Pescetarian Diet May Lower Your Risk Of Bowel Cancer, New Study Finds

This May Lower Your Risk Of Bowel Cancer

Eating a pescetarian diet may lower your risk of bowel cancer according to a new study.

People who ate fish and vegetables - but no meat - were 43% less likely to develop colon or rectal cancer, according to research from Loma Linda University in California.

The researchers examined the diets of more than 77,000 people over the course of seven years. They also found that vegetarians had a 20% lower risk, and for vegans the risk was reduced by 16%.

Bowel cancer is the fourth most common cancer in the UK, after breast, lung and prostate cancer.

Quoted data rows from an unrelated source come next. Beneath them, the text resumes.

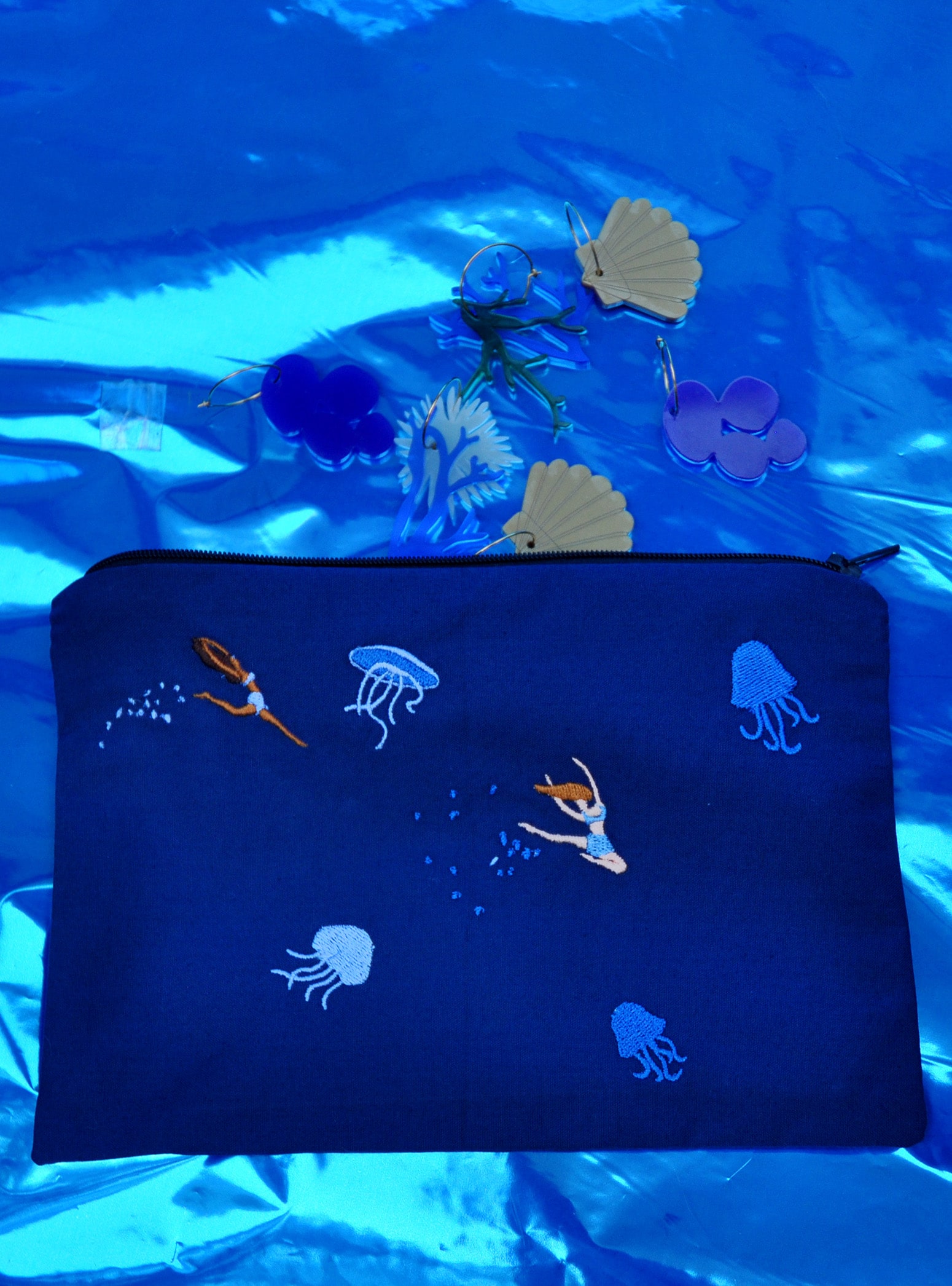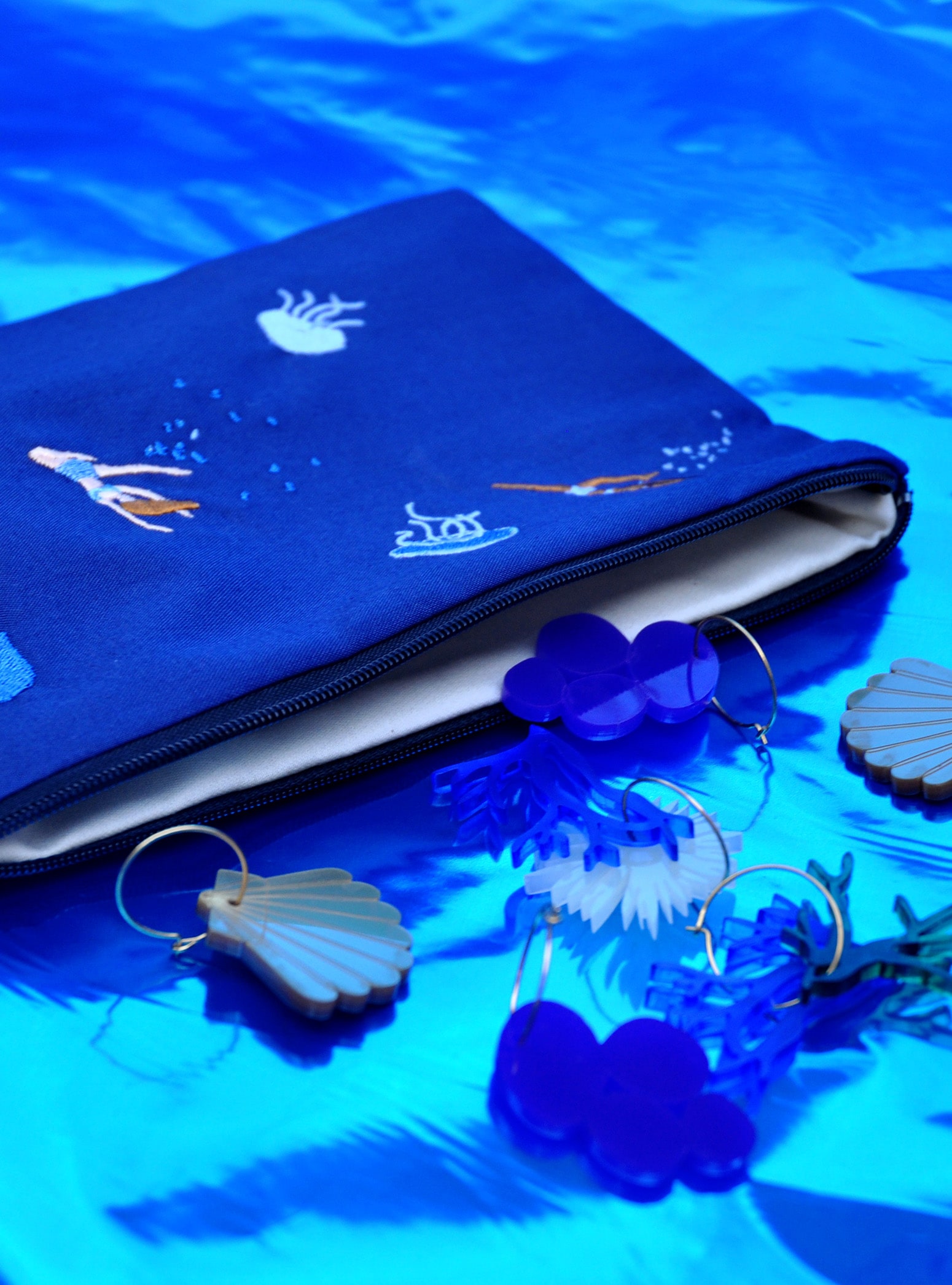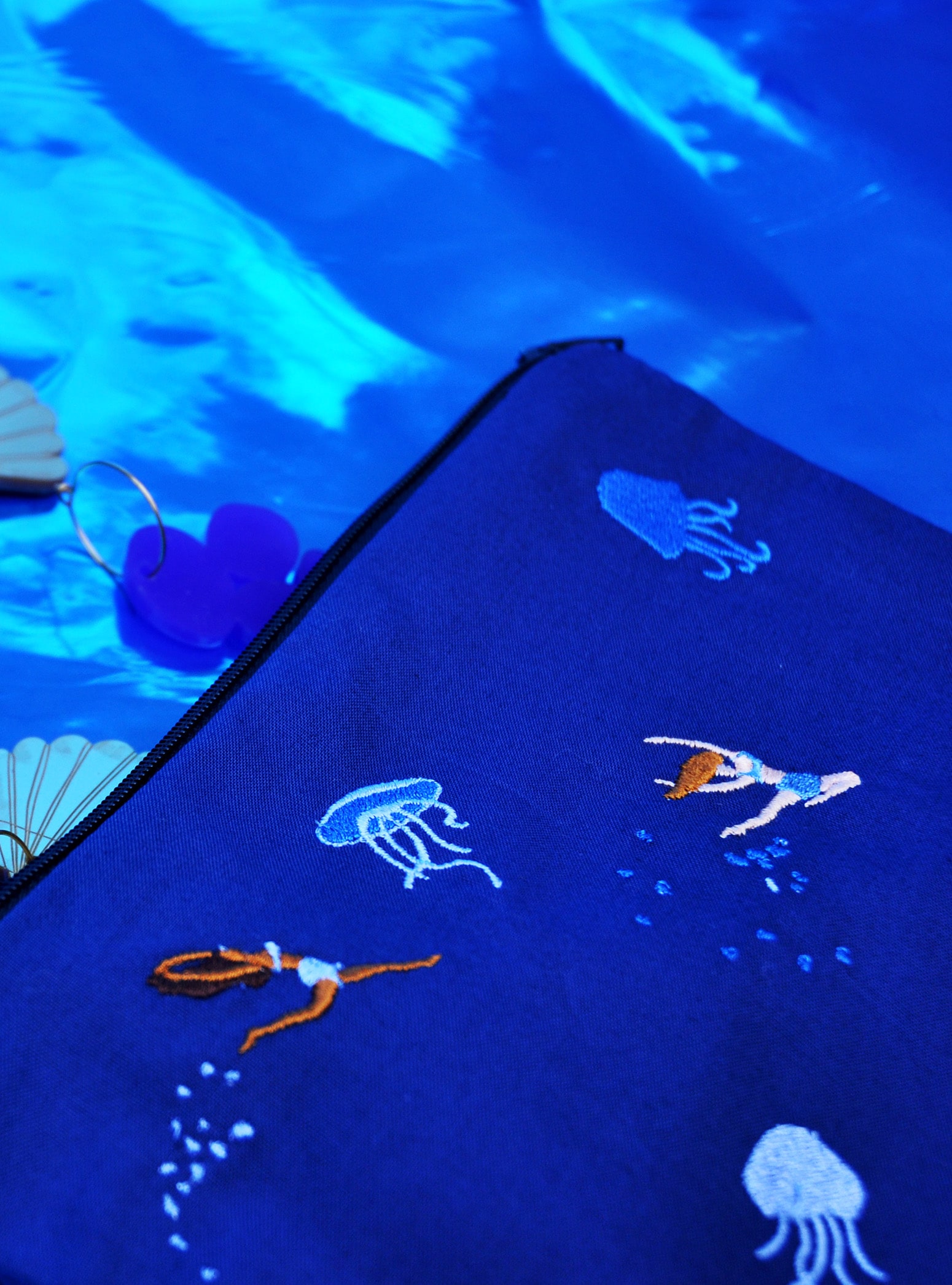 Trousse de voyage en coton Biologique certifié Gots, doublée. La trousse mesure 20x14cm et l’illustration brodée au centre fait 10 x 17 cm.
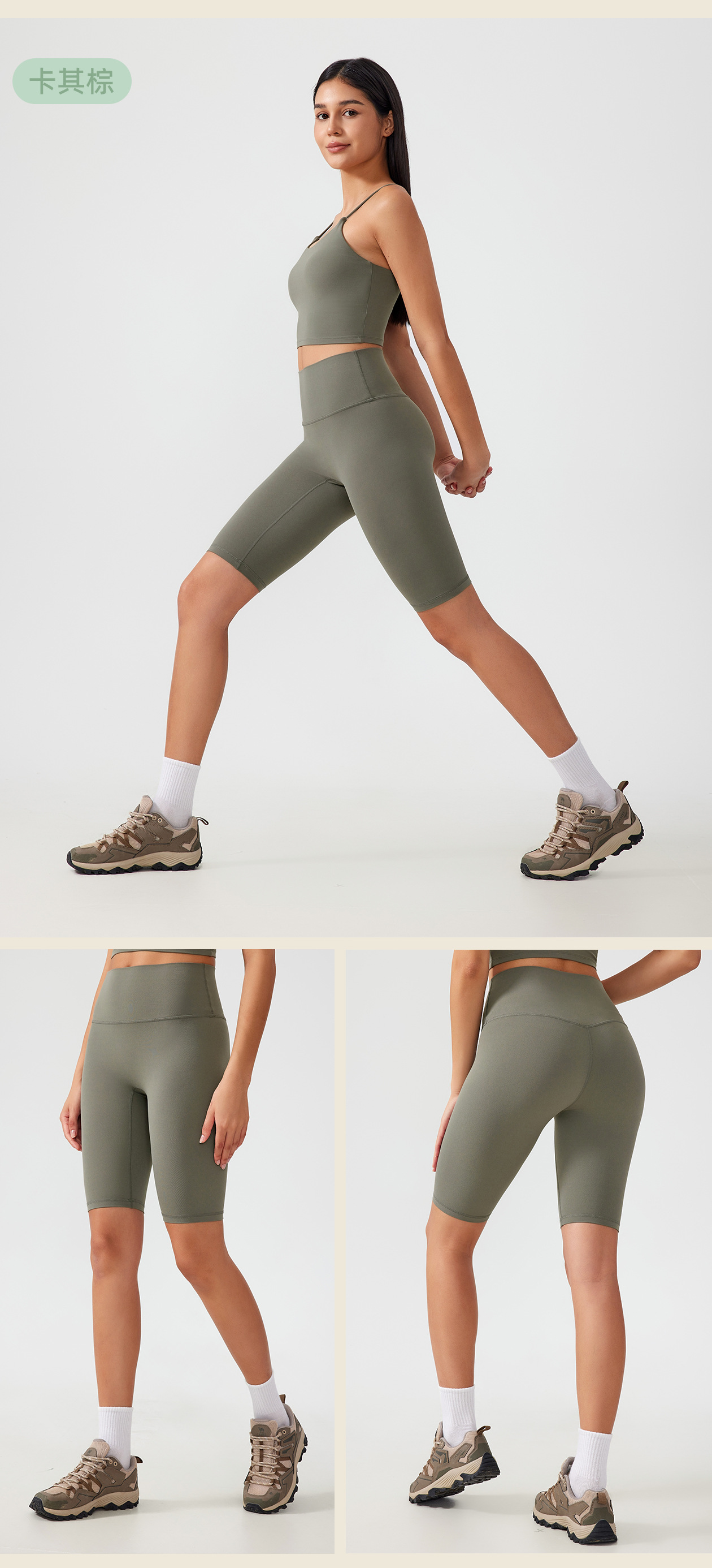08/2024 Cross high waist yoga shorts tight nude peach hip sports shorts women's outdoor fitness pants 8843
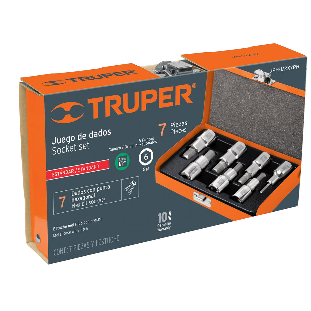 Juego dados punta hexagonal, cuadro 1/2', 7 piezas
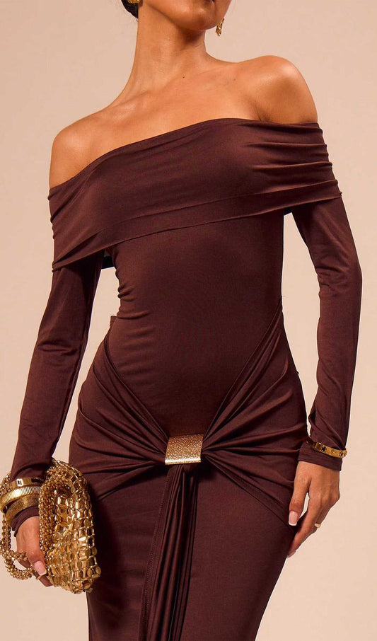 Kapalı Omuz Fırfırlı Maksi Elbise Kırmızımsı Kahverengi

Around 41,600 people are diagnosed with disease each year, with a slightly higher rate in men.

In the last year alone it has claimed the lives of Simpson's co-creator Sam Simon, Loose Women presenter Lynda Bellingham and Stephen Sutton, the teenager who raised £4.5 million for the Teenage Cancer Trust.

The World Cancer Research Fund (WCRF), which funded the study, currently advises that garlic, diets high in fibre, high-calcium diets and increased physical activity are associated with a decreased risk of bowel cancer.

The WCRF guidelines were drawn up in 2011 at which point they concluded that the evidence on the relationship between fish and bowel cancer risk was limited and inconclusive.

They will no doubt take this latest study into account when they next update their guidelines, but it's worth keeping in mind that at the moment fish is not among their recommendations, especially as NHS Choices have pointed out some limitations of the Loma Linda study.

The subjects of the study all came from one very specific population group - North American Seventh Day Adventists, and the researchers relied on very loose definitions of vegans, vegetarians and pescatarians - which included people who ate meat less than once a month.

"This study will contribute to the body of evidence on dietary risk associated with different food types," states the NHS Choices' report. "But on its own it does not prove that fish consumption decreases the risk of bowel cancer."

However, the healthy credentials of fish are without doubt, and according to Public Health England average consumption of oily fish in the UK is well below the recommended one portion (140g) per week . So it is still a wise move to befriend your local fishmonger.